Information provided START
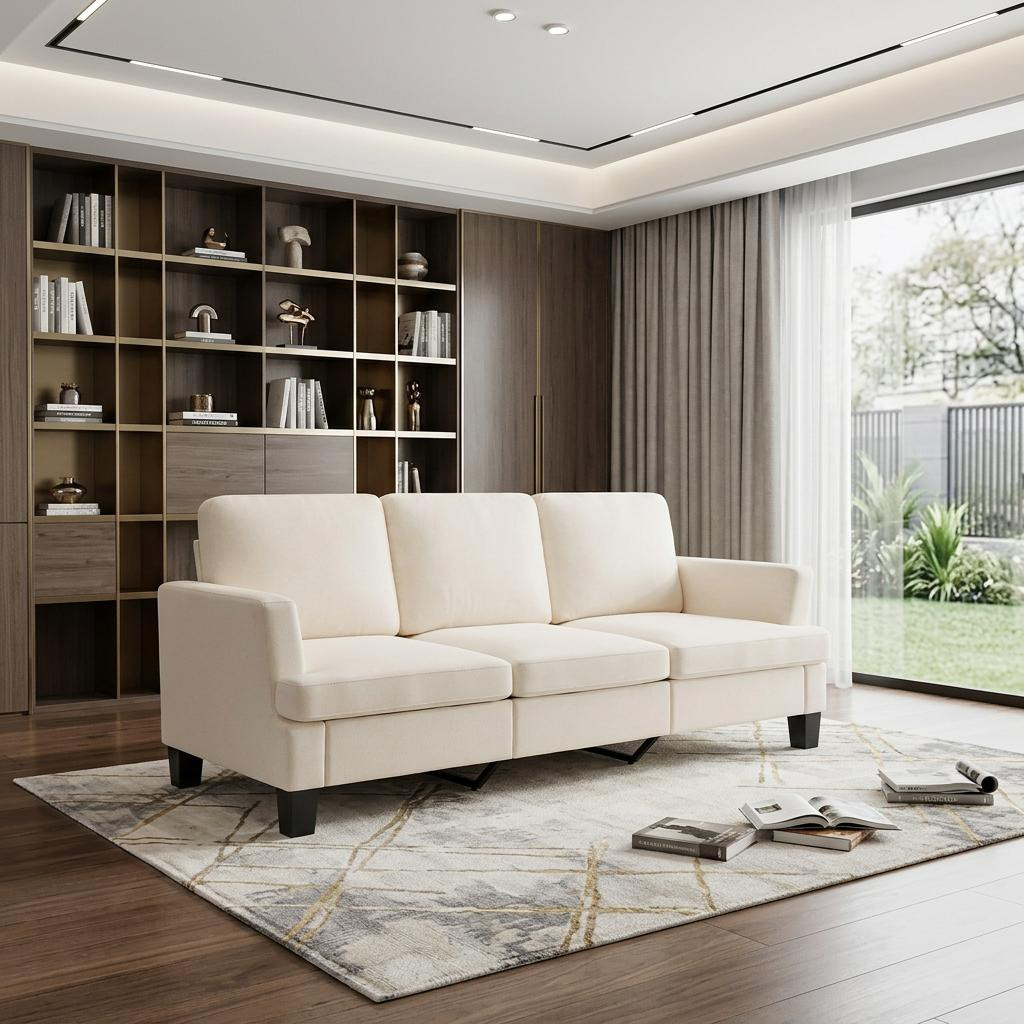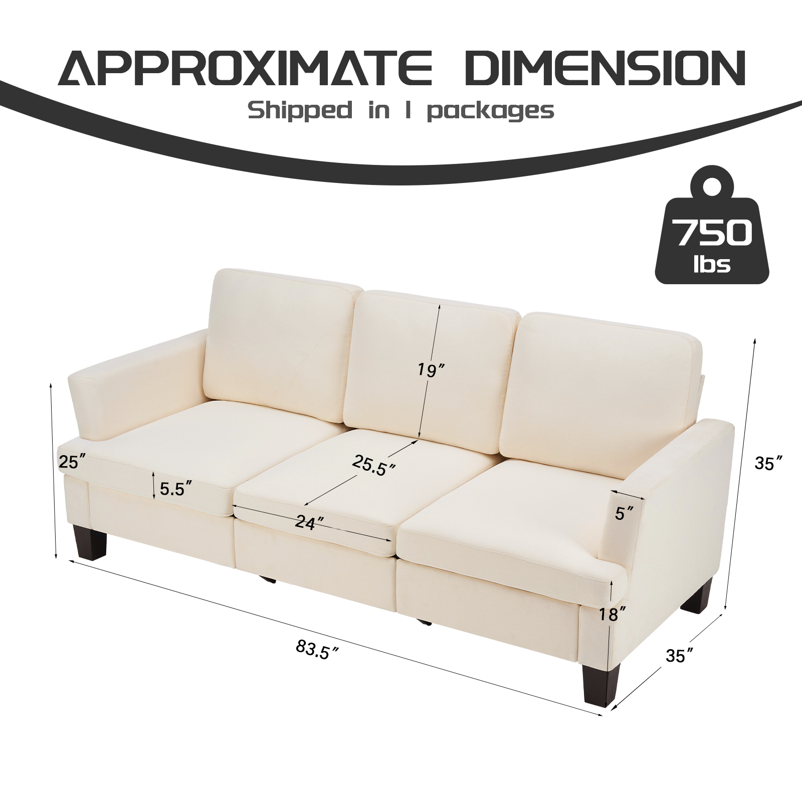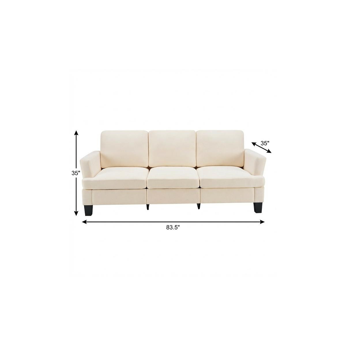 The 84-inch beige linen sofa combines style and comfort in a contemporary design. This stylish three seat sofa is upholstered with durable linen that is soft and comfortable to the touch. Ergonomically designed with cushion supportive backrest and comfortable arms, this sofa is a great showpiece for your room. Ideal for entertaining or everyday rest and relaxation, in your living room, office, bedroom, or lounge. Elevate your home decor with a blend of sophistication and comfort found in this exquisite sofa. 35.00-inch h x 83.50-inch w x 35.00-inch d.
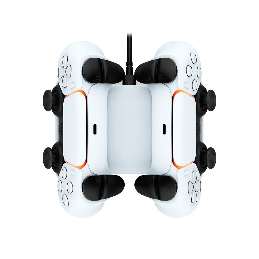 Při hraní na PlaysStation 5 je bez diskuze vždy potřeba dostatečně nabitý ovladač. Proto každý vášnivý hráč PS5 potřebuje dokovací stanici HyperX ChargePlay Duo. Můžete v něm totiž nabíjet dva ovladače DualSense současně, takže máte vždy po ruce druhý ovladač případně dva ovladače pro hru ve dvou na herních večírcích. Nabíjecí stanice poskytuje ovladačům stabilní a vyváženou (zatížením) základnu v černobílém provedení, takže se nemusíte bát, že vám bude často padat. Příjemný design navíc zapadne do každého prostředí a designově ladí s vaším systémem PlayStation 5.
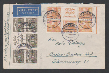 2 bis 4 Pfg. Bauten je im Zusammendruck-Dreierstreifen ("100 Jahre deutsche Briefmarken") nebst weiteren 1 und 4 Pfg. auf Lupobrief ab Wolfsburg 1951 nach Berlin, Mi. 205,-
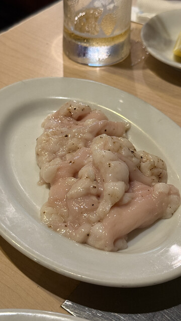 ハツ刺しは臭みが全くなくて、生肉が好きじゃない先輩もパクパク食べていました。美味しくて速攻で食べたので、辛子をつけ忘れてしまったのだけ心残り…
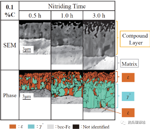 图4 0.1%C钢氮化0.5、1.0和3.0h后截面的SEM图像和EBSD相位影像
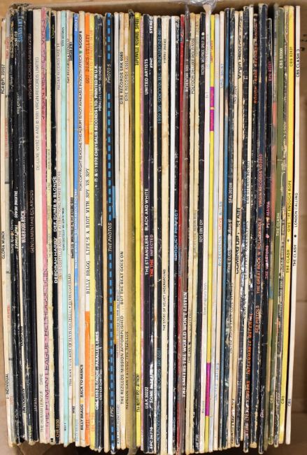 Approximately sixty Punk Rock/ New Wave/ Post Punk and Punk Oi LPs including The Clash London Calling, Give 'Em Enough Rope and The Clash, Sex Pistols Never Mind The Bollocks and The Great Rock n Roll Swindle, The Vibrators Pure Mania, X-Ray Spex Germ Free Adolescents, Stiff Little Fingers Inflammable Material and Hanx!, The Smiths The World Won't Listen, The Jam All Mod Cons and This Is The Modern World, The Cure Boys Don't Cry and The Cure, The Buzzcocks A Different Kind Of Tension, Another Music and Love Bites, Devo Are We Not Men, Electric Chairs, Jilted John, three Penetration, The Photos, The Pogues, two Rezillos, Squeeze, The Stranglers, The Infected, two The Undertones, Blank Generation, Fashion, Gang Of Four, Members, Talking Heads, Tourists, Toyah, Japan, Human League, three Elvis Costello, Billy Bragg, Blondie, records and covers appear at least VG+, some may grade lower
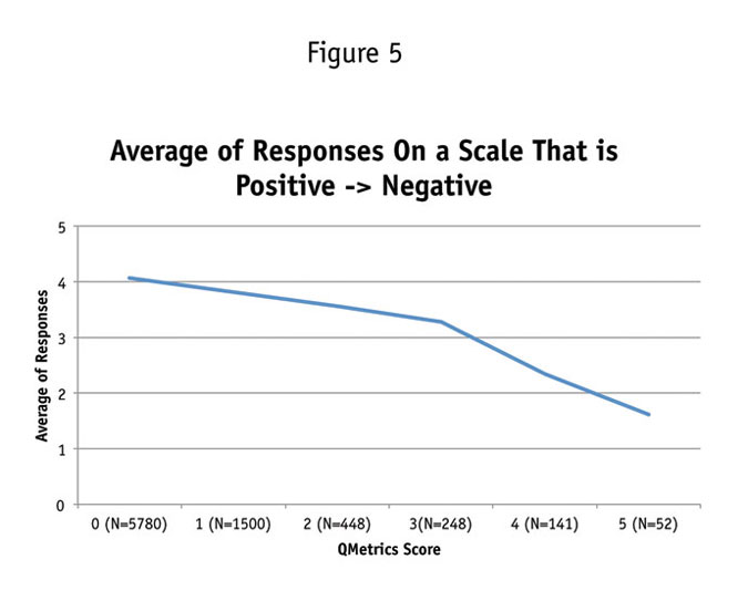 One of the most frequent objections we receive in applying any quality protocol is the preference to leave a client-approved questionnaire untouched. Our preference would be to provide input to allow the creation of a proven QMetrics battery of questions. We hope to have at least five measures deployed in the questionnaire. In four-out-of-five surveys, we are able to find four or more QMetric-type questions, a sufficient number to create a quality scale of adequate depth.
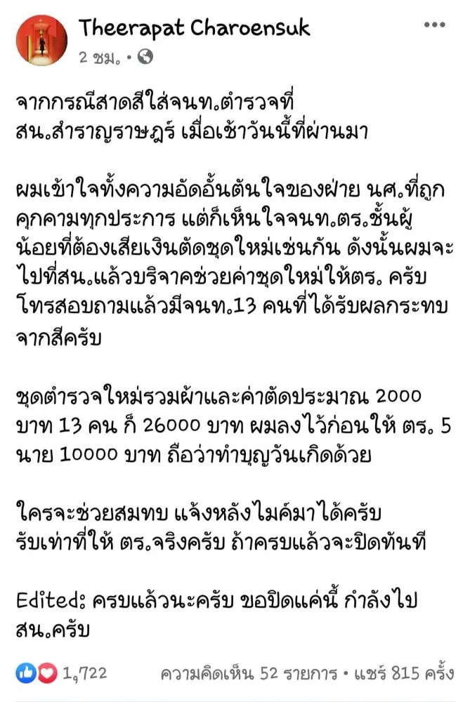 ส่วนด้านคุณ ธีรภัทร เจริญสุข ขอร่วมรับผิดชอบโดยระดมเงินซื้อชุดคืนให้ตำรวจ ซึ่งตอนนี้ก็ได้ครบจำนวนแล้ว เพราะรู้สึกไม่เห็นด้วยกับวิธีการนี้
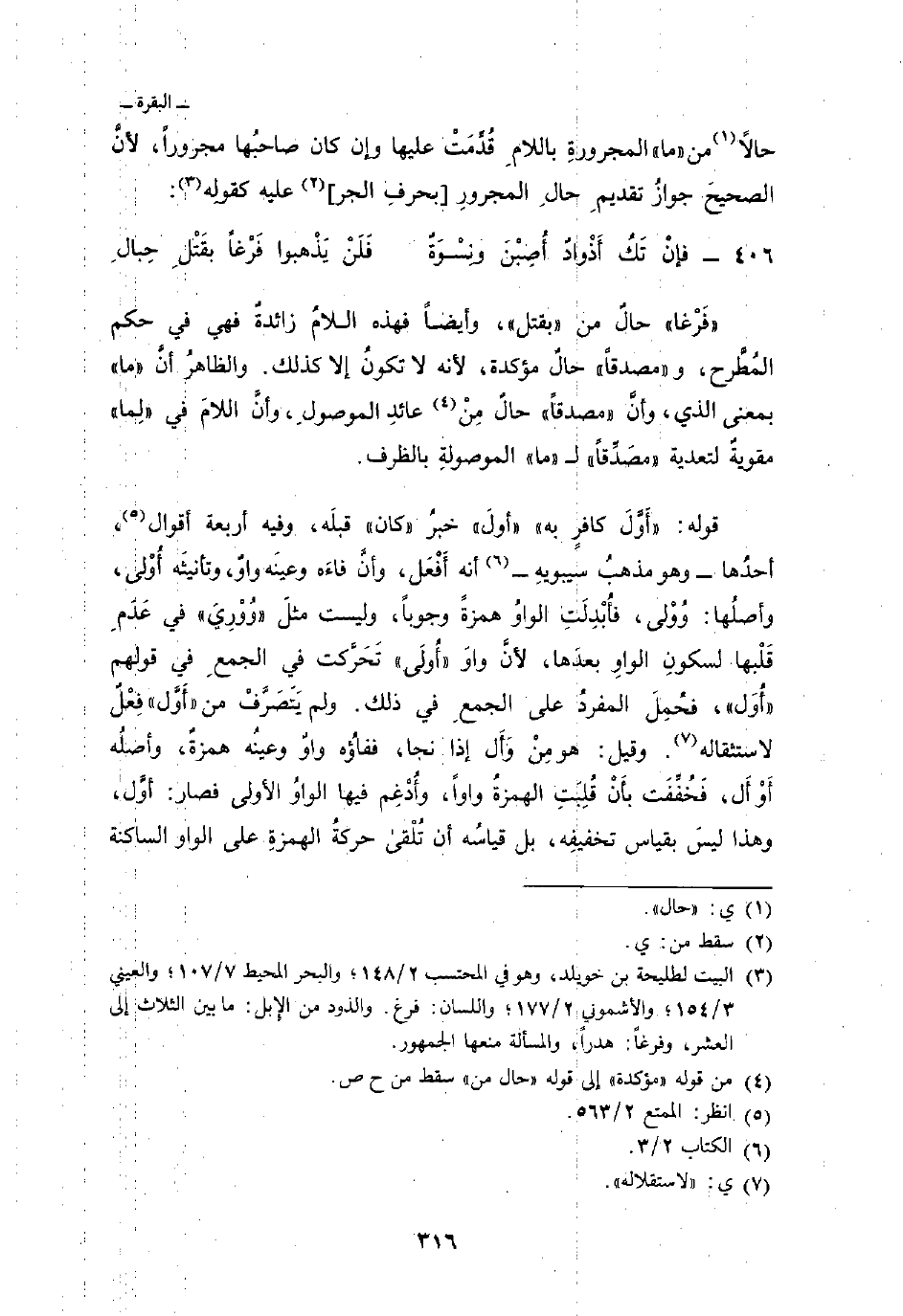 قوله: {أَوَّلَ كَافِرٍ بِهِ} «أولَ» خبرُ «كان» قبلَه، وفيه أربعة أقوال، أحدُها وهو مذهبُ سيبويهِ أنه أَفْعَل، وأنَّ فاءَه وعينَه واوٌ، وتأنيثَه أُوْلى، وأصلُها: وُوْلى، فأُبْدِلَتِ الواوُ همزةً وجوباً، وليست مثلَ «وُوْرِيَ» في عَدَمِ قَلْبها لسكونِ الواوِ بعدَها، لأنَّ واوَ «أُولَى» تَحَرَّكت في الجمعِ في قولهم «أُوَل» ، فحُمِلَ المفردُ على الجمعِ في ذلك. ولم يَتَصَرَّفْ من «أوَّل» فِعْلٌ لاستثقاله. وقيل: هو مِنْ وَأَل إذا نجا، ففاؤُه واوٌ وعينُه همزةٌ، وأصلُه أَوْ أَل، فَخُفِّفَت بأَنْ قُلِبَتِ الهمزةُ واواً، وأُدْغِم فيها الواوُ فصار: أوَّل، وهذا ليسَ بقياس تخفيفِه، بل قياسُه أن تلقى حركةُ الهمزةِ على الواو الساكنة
Information provided END
Task instructions: All of the data above should be quoted exactly, except for the pictures.

Finished task:
 The 84-inch beige linen sofa combines style and comfort in a contemporary design. This stylish three seat sofa is upholstered with durable linen that is soft and comfortable to the touch. Ergonomically designed with cushion supportive backrest and comfortable arms, this sofa is a great showpiece for your room. Ideal for entertaining or everyday rest and relaxation, in your living room, office, bedroom, or lounge. Elevate your home decor with a blend of sophistication and comfort found in this exquisite sofa. 35.00-inch h x 83.50-inch w x 35.00-inch d.
 Při hraní na PlaysStation 5 je bez diskuze vždy potřeba dostatečně nabitý ovladač. Proto každý vášnivý hráč PS5 potřebuje dokovací stanici HyperX ChargePlay Duo. Můžete v něm totiž nabíjet dva ovladače DualSense současně, takže máte vždy po ruce druhý ovladač případně dva ovladače pro hru ve dvou na herních večírcích. Nabíjecí stanice poskytuje ovladačům stabilní a vyváženou (zatížením) základnu v černobílém provedení, takže se nemusíte bát, že vám bude často padat. Příjemný design navíc zapadne do každého prostředí a designově ladí s vaším systémem PlayStation 5.
 2 bis 4 Pfg. Bauten je im Zusammendruck-Dreierstreifen ("100 Jahre deutsche Briefmarken") nebst weiteren 1 und 4 Pfg. auf Lupobrief ab Wolfsburg 1951 nach Berlin, Mi. 205,-
 ハツ刺しは臭みが全くなくて、生肉が好きじゃない先輩もパクパク食べていました。美味しくて速攻で食べたので、辛子をつけ忘れてしまったのだけ心残り…
 图4 0.1%C钢氮化0.5、1.0和3.0h后截面的SEM图像和EBSD相位影像
 Approximately sixty Punk Rock/ New Wave/ Post Punk and Punk Oi LPs including The Clash London Calling, Give 'Em Enough Rope and The Clash, Sex Pistols Never Mind The Bollocks and The Great Rock n Roll Swindle, The Vibrators Pure Mania, X-Ray Spex Germ Free Adolescents, Stiff Little Fingers Inflammable Material and Hanx!, The Smiths The World Won't Listen, The Jam All Mod Cons and This Is The Modern World, The Cure Boys Don't Cry and The Cure, The Buzzcocks A Different Kind Of Tension, Another Music and Love Bites, Devo Are We Not Men, Electric Chairs, Jilted John, three Penetration, The Photos, The Pogues, two Rezillos, Squeeze, The Stranglers, The Infected, two The Undertones, Blank Generation, Fashion, Gang Of Four, Members, Talking Heads, Tourists, Toyah, Japan, Human League, three Elvis Costello, Billy Bragg, Blondie, records and covers appear at least VG+, some may grade lower
 One of the most frequent objections we receive in applying any quality protocol is the preference to leave a client-approved questionnaire untouched. Our preference would be to provide input to allow the creation of a proven QMetrics battery of questions. We hope to have at least five measures deployed in the questionnaire. In four-out-of-five surveys, we are able to find four or more QMetric-type questions, a sufficient number to create a quality scale of adequate depth.
 ส่วนด้านคุณ ธีรภัทร เจริญสุข ขอร่วมรับผิดชอบโดยระดมเงินซื้อชุดคืนให้ตำรวจ ซึ่งตอนนี้ก็ได้ครบจำนวนแล้ว เพราะรู้สึกไม่เห็นด้วยกับวิธีการนี้
 قوله: {أَوَّلَ كَافِرٍ بِهِ} «أولَ» خبرُ «كان» قبلَه، وفيه أربعة أقوال، أحدُها وهو مذهبُ سيبويهِ أنه أَفْعَل، وأنَّ فاءَه وعينَه واوٌ، وتأنيثَه أُوْلى، وأصلُها: وُوْلى، فأُبْدِلَتِ الواوُ همزةً وجوباً، وليست مثلَ «وُوْرِيَ» في عَدَمِ قَلْبها لسكونِ الواوِ بعدَها، لأنَّ واوَ «أُولَى» تَحَرَّكت في الجمعِ في قولهم «أُوَل» ، فحُمِلَ المفردُ على الجمعِ في ذلك. ولم يَتَصَرَّفْ من «أوَّل» فِعْلٌ لاستثقاله. وقيل: هو مِنْ وَأَل إذا نجا، ففاؤُه واوٌ وعينُه همزةٌ، وأصلُه أَوْ أَل، فَخُفِّفَت بأَنْ قُلِبَتِ الهمزةُ واواً، وأُدْغِم فيها الواوُ فصار: أوَّل، وهذا ليسَ بقياس تخفيفِه، بل قياسُه أن تلقى حركةُ الهمزةِ على الواو الساكنة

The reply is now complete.